The example on Wikipedia is as follows:

维基百科上的例子如下：

#include <new> // Required for placement 'new'.

struct Point {
    Point() {}
    Point(int x, int y): x_(x), y_(y) {}
    int x_, y_;
};

union U {
    int z;
    double w;
    Point p; // Illegal in C++03; legal in C++11.
    U() {new(&p) Point();} // Due to the Point member, a constructor
                           // definition is now *required*.
};

Stroustrup goes into a little more detail.

Stroustrup 详细介绍了一点。

AFAIK union members may not have constructors or destructors.

AFAIK 联合成员可能没有构造函数或析构函数。

Question 1: no, there's no such guarantee. Any POD-member not in the constructor's initialization list gets default-initialized, but that's with a constructor you define, and has an initializer list. If you don't define a constructor, or you define a constructor without an initializer list and empty body, POD-members will not be initialized.

问题 1：不，没有这样的保证。任何不在构造函数初始化列表中的 POD 成员都会被默认初始化，但这是使用您定义的构造函数，并且有一个初始化列表。如果您没有定义构造函数，或者您定义了一个没有初始化列表和空体的构造函数，则不会初始化 POD 成员。

Non-POD members will always be constructed via their default constructor, which if synthesized, again would not initialize POD-members. Given that union members may not have constructors, you'd pretty much be guaranteed that POD-members of structs in a union will not be initialized.

非 POD 成员将始终通过其默认构造函数构造，如果合成，则不会再次初始化 POD 成员。鉴于联合成员可能没有构造函数，您几乎可以保证联合中结构的 POD 成员不会被初始化。

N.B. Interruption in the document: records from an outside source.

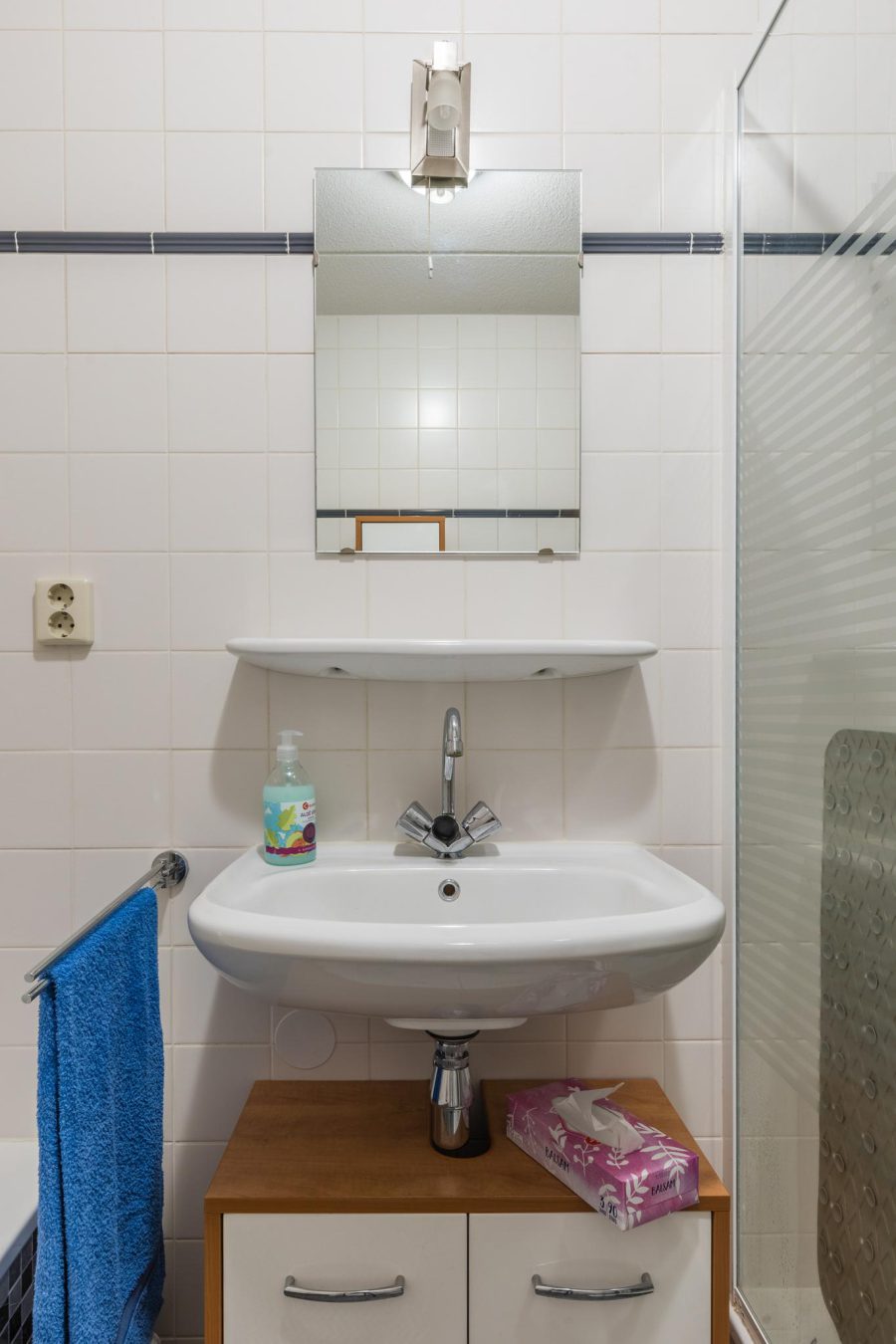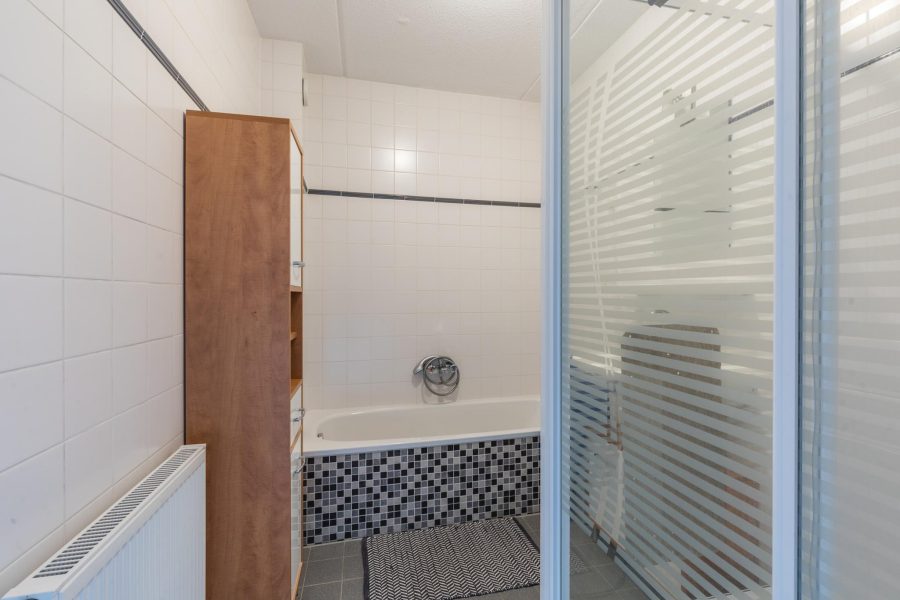 Through the landing, two bedrooms, a separate toilet and the bathroom are accessible. The largest bedroom is at the front and a smaller one at the back. The bathroom and separate floating toilet with hand basin are located centrally on the floor. The bathroom has a vanity unit with sink and mirror, a walk-in shower and a bathtub. This floor is also nicely finished and has a nice light.
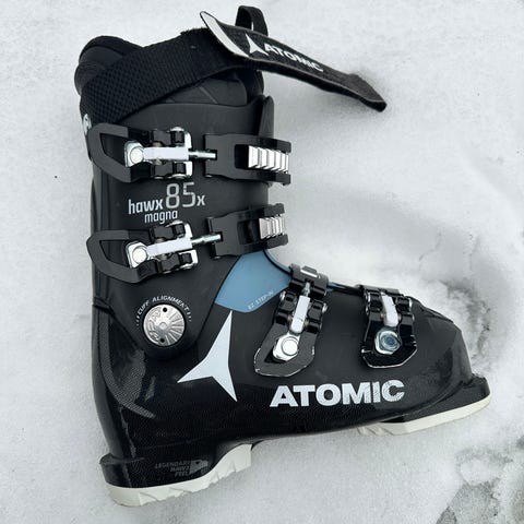 Atomic Race jr laskettelumonot, väri punainen ja valkoinen, koko 37-38. Neljä metallista solkea ja tukeva rakenne. Ainoa mitta minkä löysin monoista oli kyljessä 307mm. Viime vuosina satunnaisessa käytössä. Nouto Kuljusta.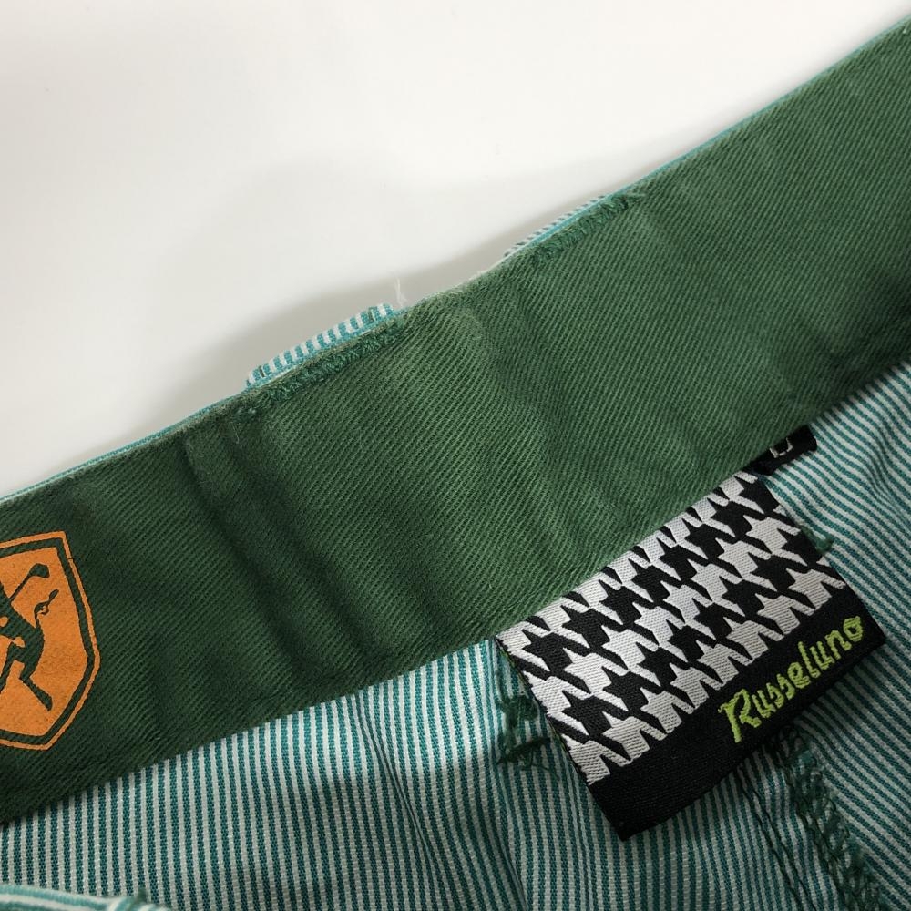 ラッセルノ ハーフパンツ グリーン×白 細ストライプ メンズ L ゴルフウェア RUSSELUNO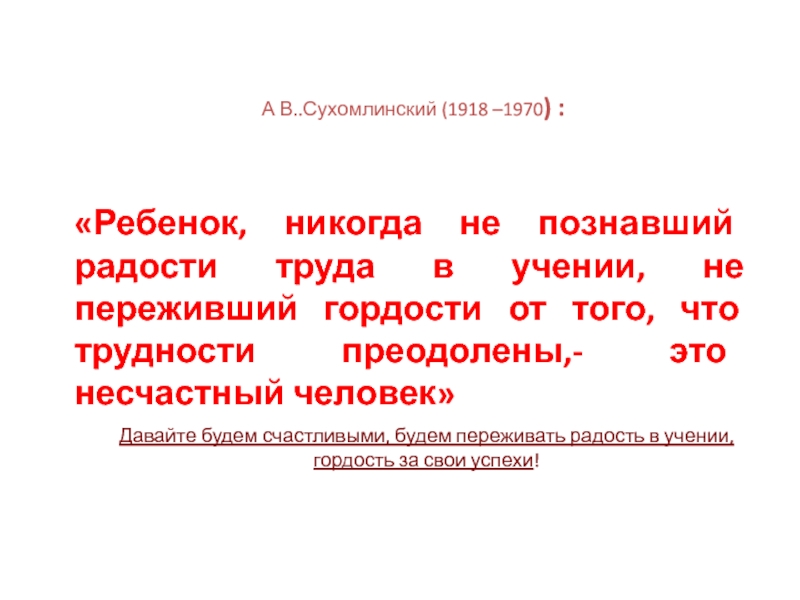 Давайте будем счастливыми, будем переживать радость в учении, гордость за свои успехи!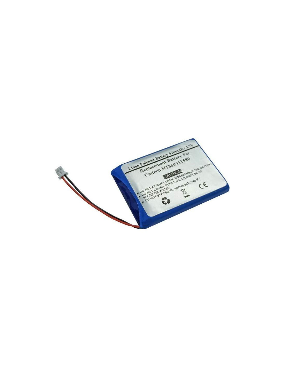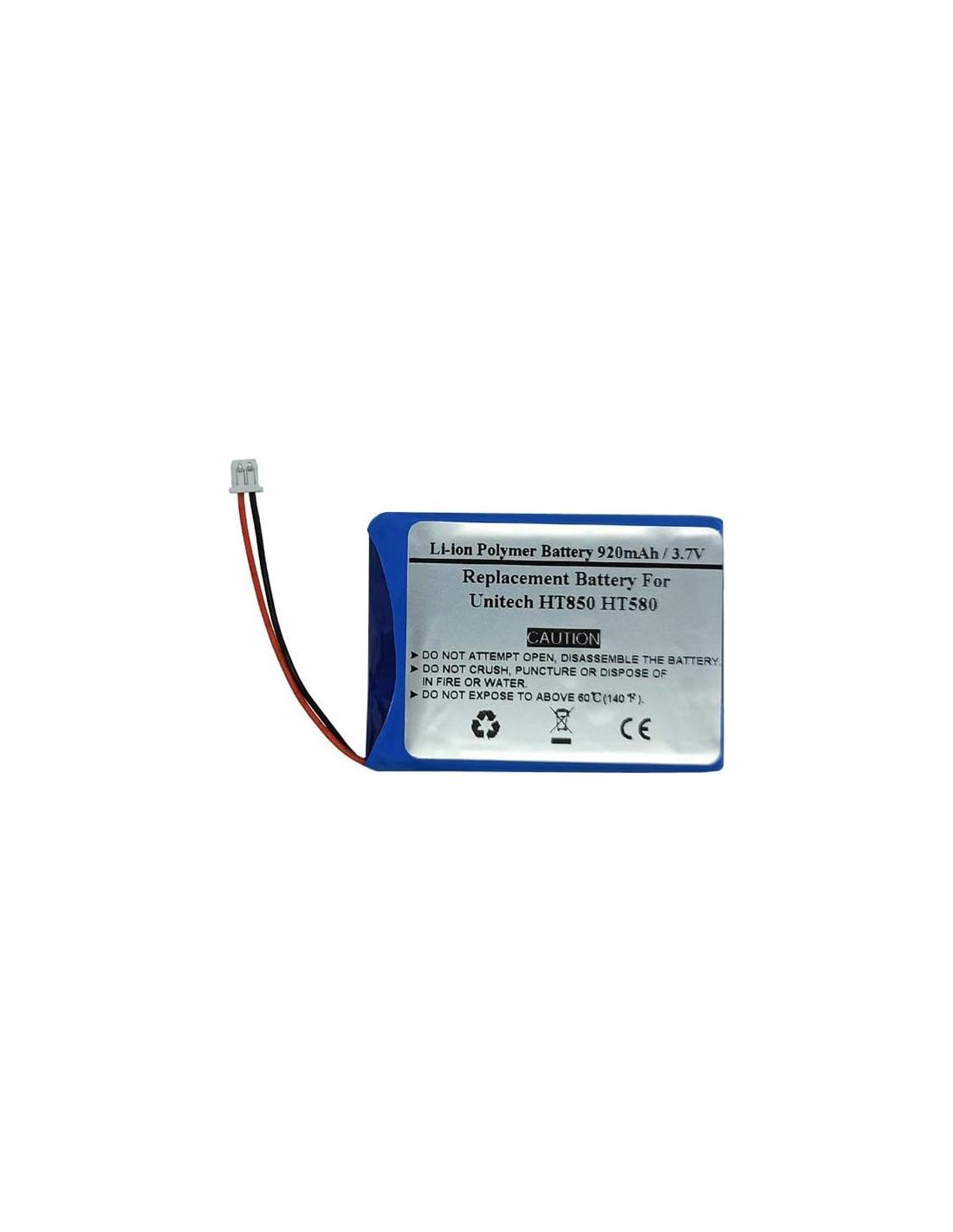Tipo de Batería: Batería de polímero de litio Capacidad: 920mAh Voltaje nominal: 3.7V Dimensiones del paquete: 5.5 x 34.5 x 44.0mm Peso: 12g Modelos compatibles: Unitech HT850 HT580

Question 2: you can always initialize structures/unions like so:

问题 2：你总是可以像这样初始化结构/联合：

struct foo
{
    int a;
    int b;
};

union bar
{
    int a;
    foo f;
};

bar b = { 0 };

As mentioned in Greg Rogers' comment to unwesen's post, you can give your union a constructor (and destructor if you wish):

正如 Greg Rogers 对unwesen帖子的评论中提到的，您可以为您的联合提供一个构造函数（如果您愿意，也可以使用析构函数）：

struct foo
{
    int a;
    int b;
};

union bar
{
    bar() { memset(this, 0, sizeof(*this)); }

    int a;
    foo f;
};

Can you do something like this?

你能做这样的事情吗？

class Outer
{
public:
    Outer()
    {
        memset(&inner_, 0, sizeof(inner_));
    }
private:
    union Inner
    {
        int qty_;
        double price_;
    } inner_;
};

...or maybe something like this?

......或者像这样的东西？

union MyUnion
{
    int qty_;
    double price_;
};

void someFunction()
{
    MyUnion u = {0};
}

You'll have to wait for C++0x to be supported by compilers to get this. Until then, sorry.

您必须等待编译器支持 C++0x 才能获得此功能。在那之前，对不起。